И да, чтобы с запахом меда.
…и быть может, вспомнит, что…
Скрипнула дверь, как показалось, на редкость неодобрительно.
– Прошу прощения, – Василиса Дормидонтовна, старейшая в местечковом госпитале, который вдруг оказался слишком мал, чтобы вместить всех пострадавших той проклятой ночью, сестра милосердия имела обыкновение двигаться медленно, каждым жестом своим показывая, что уж ей-то спешить совершенно некуда. И остальным не след.
От спешки беды одни.
И несварение.
Она была солидна и обильна телом. А потому внушала уважение куда большее, нежели худощавый и дерганый Иван Лаврентьевич, служивший тут же целителем.

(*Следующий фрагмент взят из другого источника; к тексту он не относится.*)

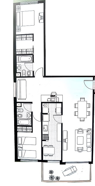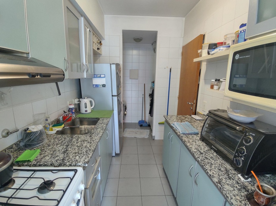 Excelente 3 AMBIENTES en edificio de categoría, 94m² de superficie, al frente y con orientación norte. Estar comedor en forma de “L” de 8,65 x 3,00 y 7,60 x 2,50 con pisos de madera entablonado y salida a balcón aterrazado de 4,50 x 2,00 y vista panorámica. Cocina independiente totalmente equipada con comedor diario de 4,85 x 2 y lavadero independiente. Mesadas de granito, amoblamiento enfrentado bajomesada y alacena completo, bacha acero inoxidable, griferia monocomando, extractor de aire y artefacto de cocina a gas de 4 hornallas con horno y parrilla. Dormitorio principal tipo master suite, doble vestidor y pisos de madera. Cuenta con baño completo, sanitarios y accesorios, vanitory, revestimientos con guarda decorativa e hidromasaje.. Segundo dormitorio con placard de interiores completos y pisos de madera. Segundo baño, sanitarios y accesorios, vanitory y bañera.
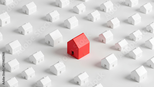 A striking red house stands out among numerous small white houses, symbolizing uniqueness and individuality in a uniform setting.
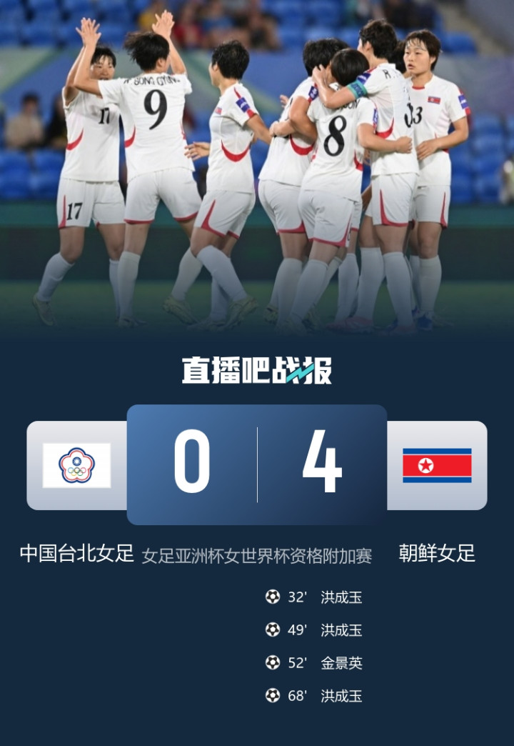 直播吧03月19日讯北京时间3月19日下午17:00,女足亚洲杯女世界杯资格赛附加赛,中国台北女足对阵朝鲜女足。上半场,洪成玉头球抢点破门,下半场,金景英门前头球破门,洪成玉再进两球,完成帽子戏法。全场结束,朝鲜女足4-0中国台北女足。本场过后,朝鲜女足拿到了直通2027女足世界杯的资格,中国台北女足将踢世界杯洲际附加赛。
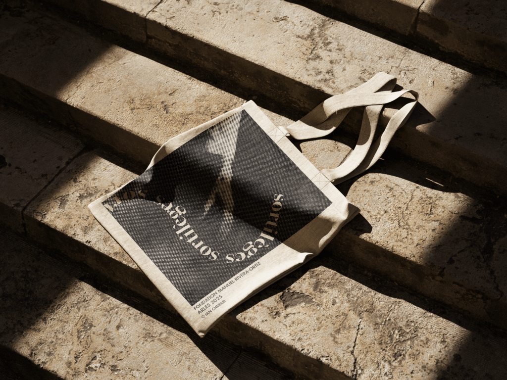 Tote bags en coton naturel sérigraphiés en une couleur, réalisés en collaboration avec Essentiel. Chaque visuel est conçu spécifiquement pour traduire l’identité de l’exposition : création graphique originale, composition typographique ou illustration. Pensés comme objets de diffusion et souvenirs de visite, ces tote bags prolongent l’expérience de l’exposition dans le quotidien.

– Однако же больному отдыхать пора…
…под неодобрительное ворчание женщины столь огромной, что в голову лезли мысли
о нечеловеческом ее происхождении, Анна покинула палату.Она вернется завтра.
И послезавтра.
И потом снова. И будет возвращаться, пока Глеба, наконец, не отпустят.
– Совсем стыд потеряла… – Василиса Дормидонтовна отличалась тем характерным упрямством, которое порой граничило с глупостью. Впрочем, Анна сделала вид, что не услышала.
Не хватало тратить силы…
Пригодятся.
Анна направилась не к выходу, но спустилась на первый этаж, минула охрану, приставленную к лестнице, что вела в подвал.
Остановилась, делая вдох.
Замерла в надежде, что вот сейчас ее остановят. Спросят, что ей нужно и нужно ли, а она… она вряд ли сумеет объяснить, потому как сама толком не понимает, что делает здесь.
На подвал лета не хватило.
Оно осталось там, в просторной палате Глеба, привязанное к цветам и солнцу. А здесь было прохладно. Каменная кладка блестела слезой. А нити заклятий, вплетенные в нее, шевелились, будто живые. Отчасти живыми они и были. Вот коснулись Анны и отступили, признавая ее право быть здесь.
И ниже.
…прежде подвалы использовали для целей куда как мирных.
Запах квашеной капусты въелся в камень. И еще колбас. А что, тихо, прохладно, весьма подходяще для кладовой, пусть и от кухни далековато.
Дорогу перегородила сломанная тумба.
– Явилась-таки? – поинтересовался Дед, тумбу оседлавший, он ковырялся в ногтях ржавым скальпелем и, стоило признать, выглядел весьма соответствующе этому месту.
Светляки, конечно, поставили, но… тускло.
Тесно.
Мрачно.
– Не стоило?
– Это уж тебе решать, стоило или нет, – Дед отложил скальпель. – Но лучше, чтоб ты. Женщины мудрее мужчин. И видят больше. И понимают… с твоего-то станется жалостью проникнуться, а от жалости один вред.
– Стало быть я…
– Ты женщина. И она женщина… была.
…эту комнату попытались облагородить, но не вышло. Темные стены, пусть и очищенные от плесени – запах ее ощущался довольно-таки явно, – остались темны, а ковер на полу не спасал от холода. Железная кровать, прикрученная к стене, гляделась едва ли не орудием пытки.
Помимо кровати здесь нашлось место и крохотному столику.
Стулу.
Ширме, за которой укрылся ночной горшок.
Светляку.
Его свет был неровным, каким-то вымученным. Он подчеркивал тонкие хрупкие руки женщины, но оставлял в полутени лицо ее.
Елена сидела в пол-оборота. И когда за Анной закрылась дверь, спросила:
– Не боишься?
– Чего? – Анна вдохнула странную смесь запахов. Той самой плесени, которая все же осталась, но внутри камня, и человеческого тела, едва тронутого болезнью, и мочи, и гноя.
– Меня. Вдруг я на тебя нападу?
– Зачем?
– Мало ли… чего ждать от сумасшедшей. Ты тоже думаешь, что я сумасшедшая?
– Я думаю, что ты притворяешься.
…Глеб и вправду ее пожалел бы. Но хватило бы его жалости, чтобы простить?